Emery-Dreifuss Muscular Dystrophy
  • Age of onset: childhood to early teens
  • Cause: Mutations in the genes that produce emerin, lamin A or lamin C, proteins in the membrane that surrounds the nucleus of each muscle cell.
  • Symptoms: wasting and weakness of shoulder, upper arm, and shin muscles. Often causes joint deformities and heart problems
  • Rate of Progression: Slow, often causes cardiac complications and may require a pacemaker.
  • Expected Lifespan: Due to this disease affecting cardiac muscle fibers, sudden death is possible because of cardiac complications
  • Inheritance: Can be X-linked recessive, primarily affecting males, who inherit the disease through their mothers. Another type is autosomal dominant, meaning it can be inherited through either parent; an autosomal recessive type occurs when a faulty gene is inherited from both parents.
Facioscapulohumeral Muscular Dystrophy
  • Age of onset: teens to early adulthood
  • Symptoms: facial muscle weakness and weakness with some wasting of shoulders and upper arms
  • Rate of Progression: Slow and not steady, interspersed with periods of rapid worsening
  • Expected Lifespan: usually many decades after onset
Limb-Girdle Muscular Dystrophy
  • Age of onset: late childhood to middle age
  • Symptoms: Muscle wasting and weakness, beginning from the shoulder girdle and pelvic girdle
  • Rate of Progression: Slow
  • Expected Lifespan: Varies, death is usually due to cardiac or respiratory complications
Myotonic Muscular Dystrophy
  • Age of onset: any age, but usually 20 to 40 years (although it can be present at birth in Type 1 congenital myotonic dystrophy)

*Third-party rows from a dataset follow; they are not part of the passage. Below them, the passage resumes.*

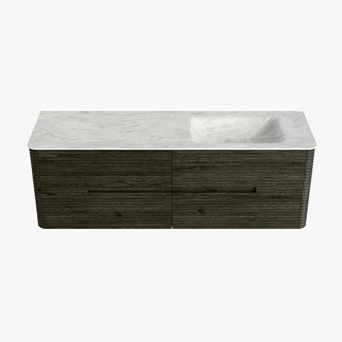 Mondiaz CIRO-DLUX Meuble de salle de bains - 150x45x50cm - plan-vasque en solid surface Opalo - 1 vasque à droite - sans trous de robinetterie - 4 tiroirs - Shadow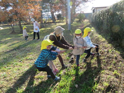 午前中、たんぽぽ組さんは、秋季遠足で行った公園で遊んできました。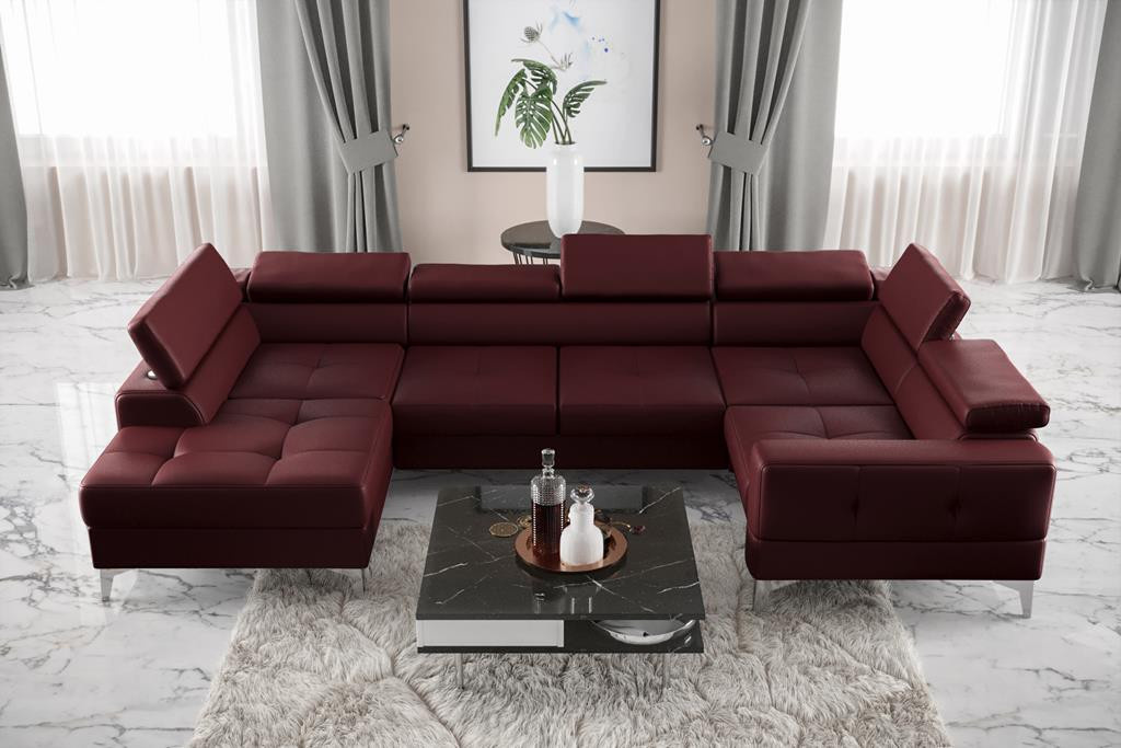 NAROŻNIK TOSCANIA MAX I 170x350x185 CM SKÓRA NATURALNA - lewa , Skóra czerwona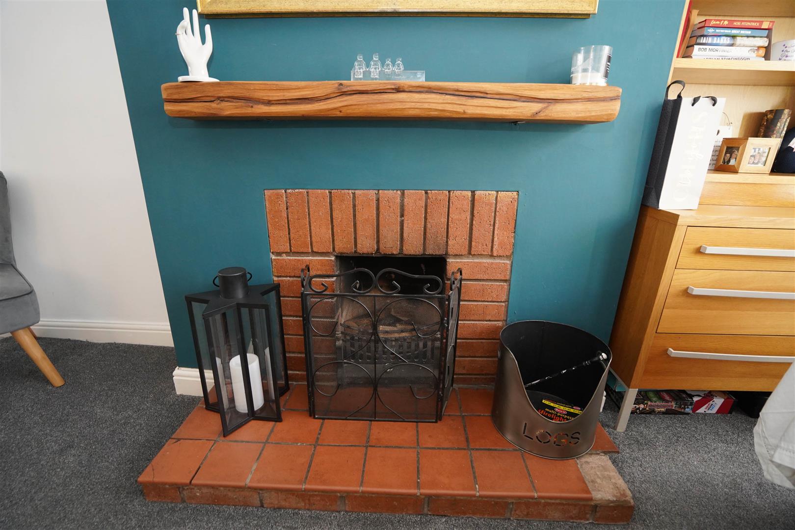 UPVC double glazed bay window to front, uPVC double glazed window to rear, open fire set in brick built and cast- grate in chimney, timber mantle over, built-in under-stairs storage cupboard, two radiators, Part fitted carpet part laminate flooring, two wall lights, coving to ceiling, carpeted stairs to first floor landing, door to:

  • Symptoms: General muscle weakness, myotonia (difficulty or total incapacity of relaxing a muscle at will after a contraction). Weakness begins in the muscles of the face, feet, neck and hands
  • Rate of Progression: Slow
  • Expected Lifespan: Varies a lot, but can be as much as 50 to 60 years
Oculopharyngeal Muscular Dystrophy
  • Age of onset: 40 to 70 years
  • Cause: A faulty gene for poly(A)-binding protein nuclear 1 (PABPN1), which is suspected to lead to production of extra chemical material that causes formation of clumps in the muscle cells.

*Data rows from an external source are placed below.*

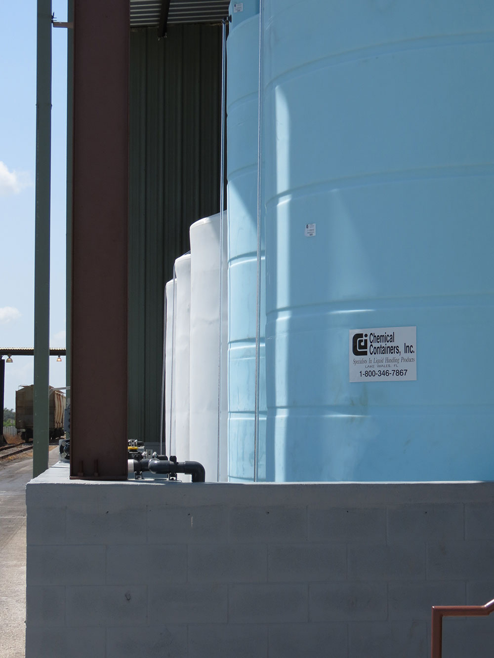 - Eight (8) Heavy duty cone bottom polyethylene tanks.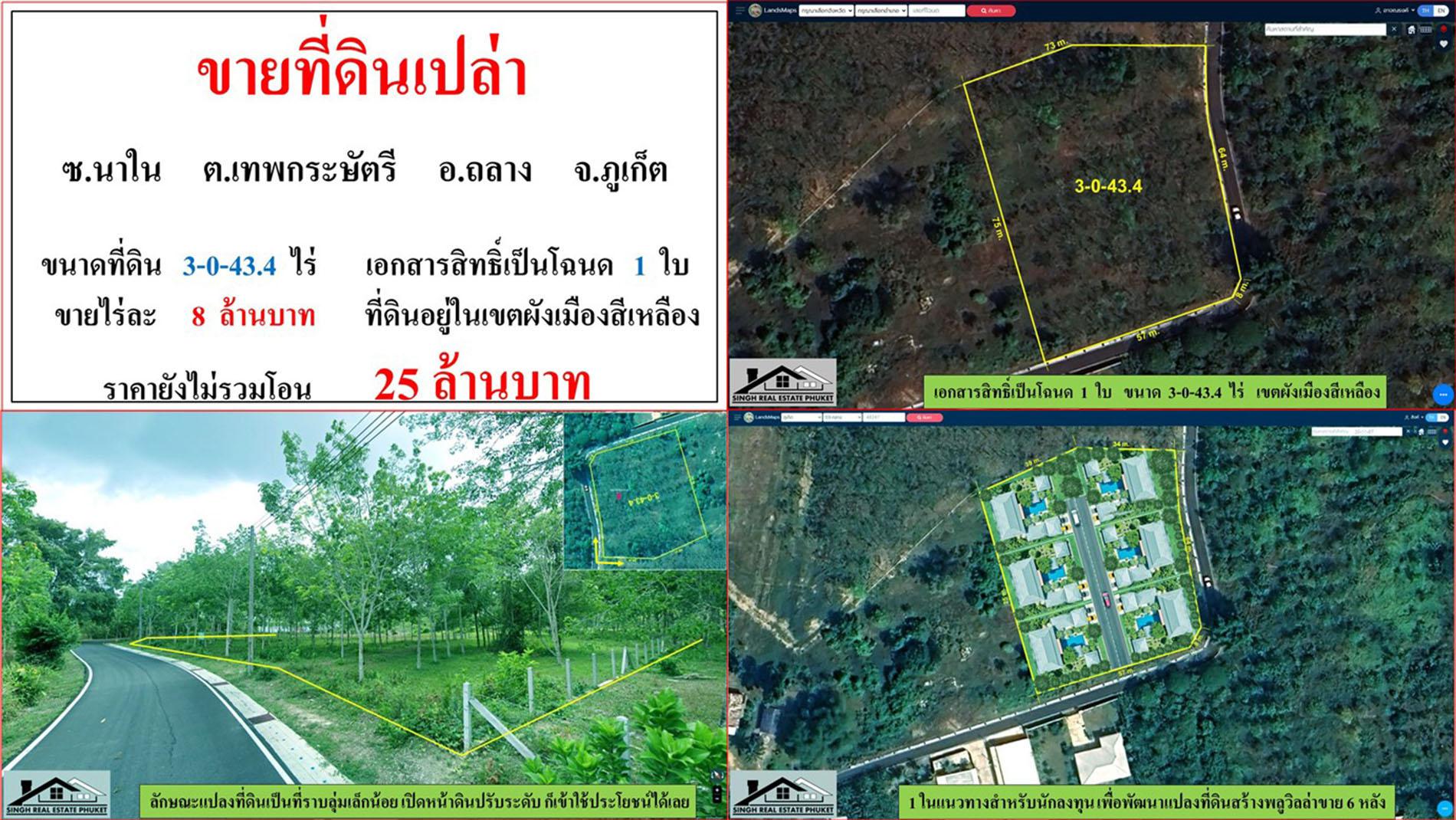 ขายที่ดินเปล่า ขนาด 3-0-43.4 ไร่ ซ.นาใน ต.เทพกระษัตรี อ.ถลาง ภูเก็ต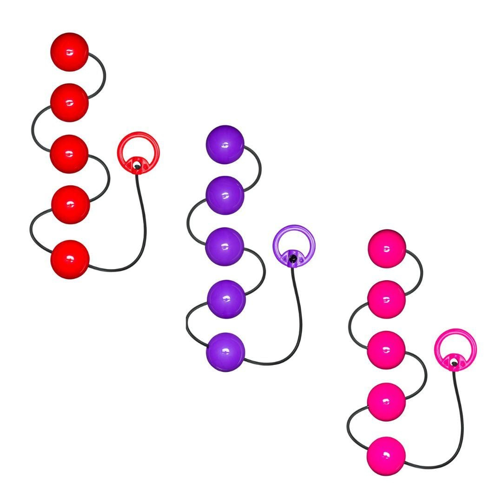 São 5 esferas feitas em material rígido à prova d'água unidas por um fio de silicone que proporciona uma agradável e excitante massagem na musculatura, com o movimento orientado de contrações e relaxamento (aperta e solta).
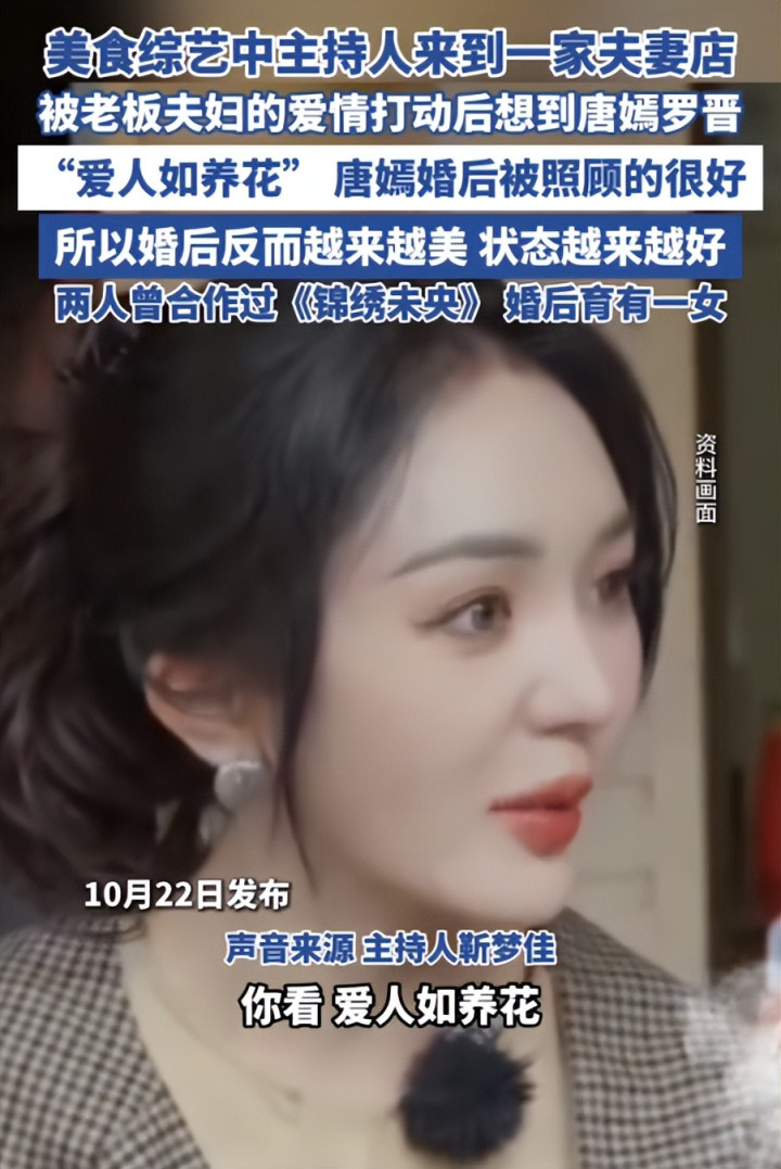 而事情的起因,是芒果台主持人靳梦佳,在节目里说到“爱人如养花”理论,说唐嫣就是婚后被照顾的很好,所以才越来越美。

  • Symptoms: Weakness in the muscles of the eye (drooping eyelids) and of the throat (accompanied generally by an inability to swallow, causing possible nutritional deficiencies and emaciation
  • Rate of Progression: Slow
  • Expected Lifespan: Varies
  • Inheritance: May be autosomal dominant, meaning OPMD is inherited from one parent; or autosomal recessive, occurring when a faulty gene is inherited from each parent.